No, my sabermetric brethren! We will, at last, finally turn the weapon of our enemies against them! I give you…

THE SACRIFICE WALK.

The sacrifice walk is a walk where a player has runners in scoring position, is not intentionally walked and is not awarded an RBI. Like the sacrifice hit, the player gives up a chance at bat (and an opportunity to pad his personal stats with an RBI) to improve his team’s chances at scoring runs.
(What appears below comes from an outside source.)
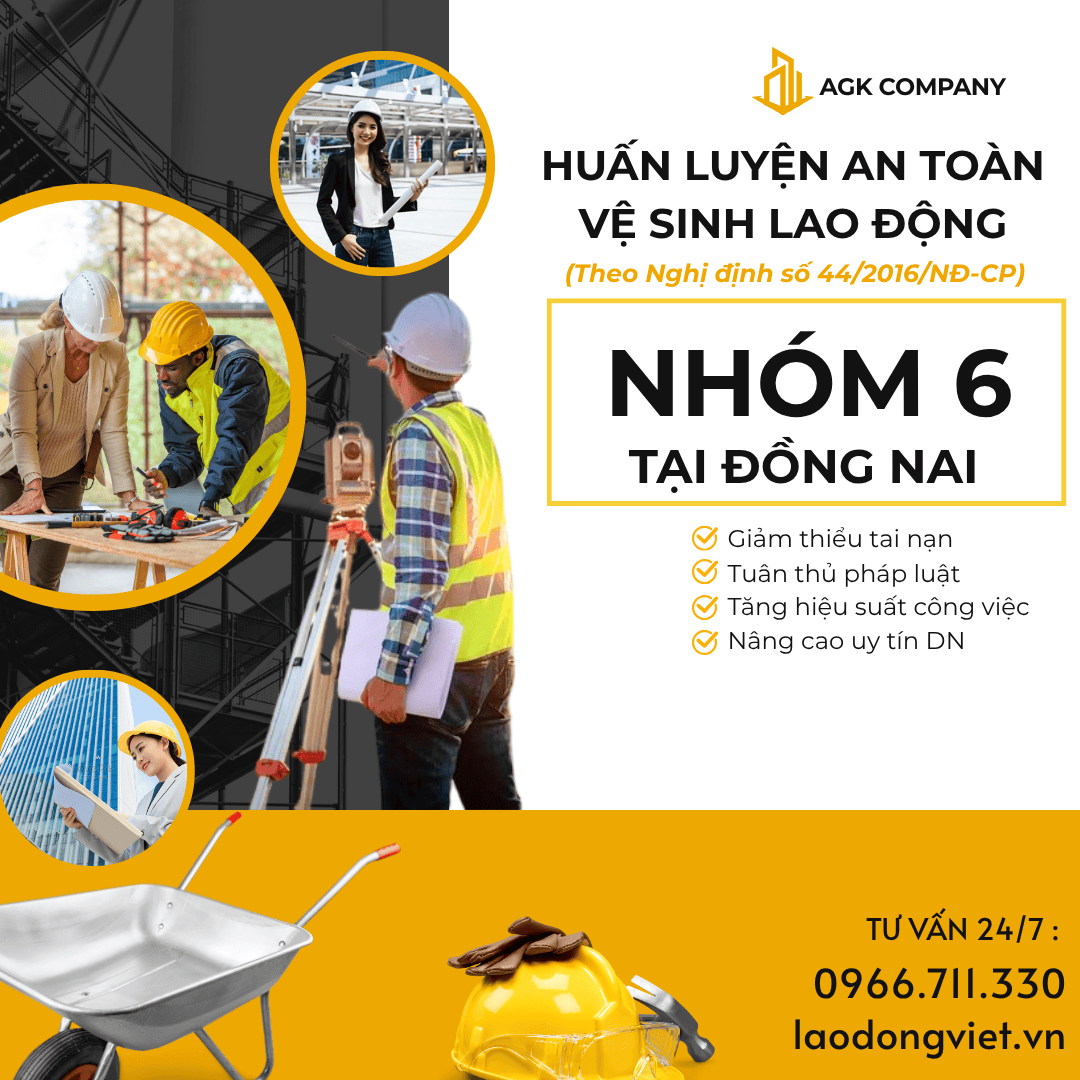 Bạn đang tìm khóa Huấn luyện ATVSLĐ Nhóm 6 ở Đồng Nai? Doanh nghiệp của bạn cần đăng ký Huấn luyện an toàn vệ sinh lao động Nhóm 6 ở Đồng Nai cho đội ngũ an toàn viên nội bộ? Đây là thông tin thiết yếu giúp bạn tuân thủ Nghị định 44/2016/NĐ-CP, giảm thiểu rủi ro lao động và xây dựng môi trường làm việc an toàn.

By calling it a sacrifice walk, it no longer sounds like lawyer ball, it sounds like something noble, heroic – the sort of thing Derek Jeter would do, back when that was still a compliment. It’s genius! There’s no way this could go badly.

(NOTE: This could totally go badly. There’s a very real danger that the sarcasm here is totally missed by someone, somewhere and I go down in sabermetric histories as “Colin Wyers, the man who created the sacrifice walk” and future generations will feel the same deep loathing I do for the person who decided three runs was a “save situation,” and the recursive loathing will cause me to spontaneously combust. But nothing ventured, nothing gained.)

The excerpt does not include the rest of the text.